Gleiches spielte sich später zwischen Ackerbauern und Pflanzenfressern ab. Der Ackerbauer schränkte durch die Arbeit auf seinen Äckern die natürliche Pflanzenvielfalt ein, indem er besonders energiereiche Arten bevorzugte und förderte. Dem Beerensammler im Wald entstand kein Schaden, wenn Tiere aus dem Überfluss ihren Teil fraßen. Für den Ackerbauern aber war die Feldfrucht das Werk seiner Hände; alles, was diejenigen ernteten, die nicht gesät hatten, erwies sich für ihn als echter Schaden.
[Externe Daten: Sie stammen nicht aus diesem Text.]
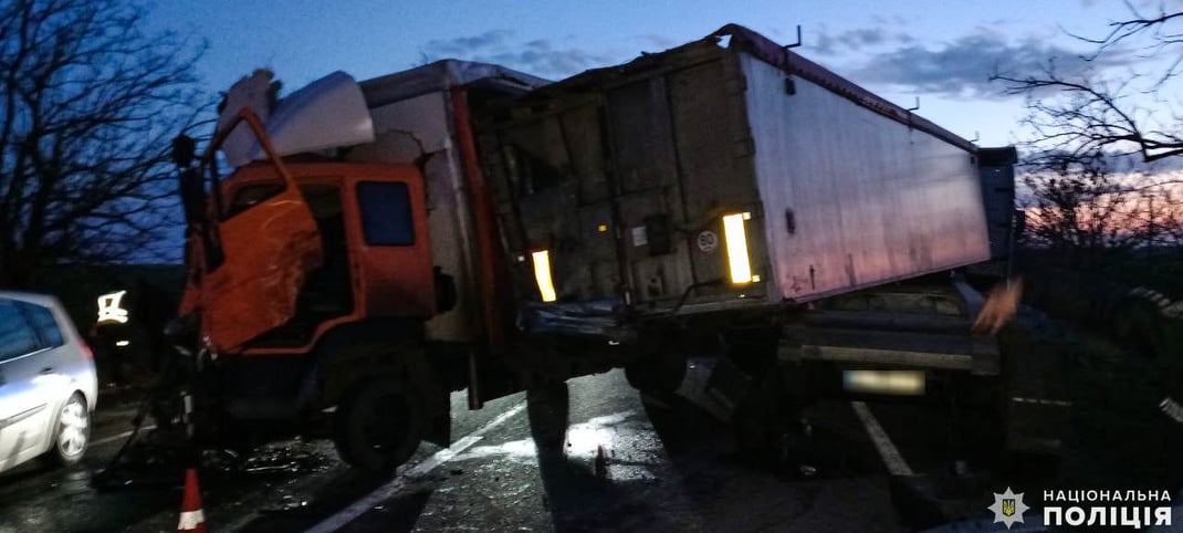 На Миколаївщині зіткнулися чотири вантажівки: одна людина померла, ще одна ㅡ у лікарні

Hinzu kam, dass der Ackerbau für die Pflanzenfresser eine deutliche Verbesserung der Lebensgrundlagen brachte, die naturgemäß dazu führte, dass die Tiere von diesen Flächen bevorzugt fraßen und auch mehr Nachwuchs durchbrachten.

Zwar beteiligten sich Hirten und Ackerbauern an der Bekämpfung solcher Tiere, die Hauptaufgabe fiel aber den Jägern zu, weil man annahm, dass sie die meiste Sach- und Ortskenntnis, die besten Erfahrungen und Fähigkeiten hätten.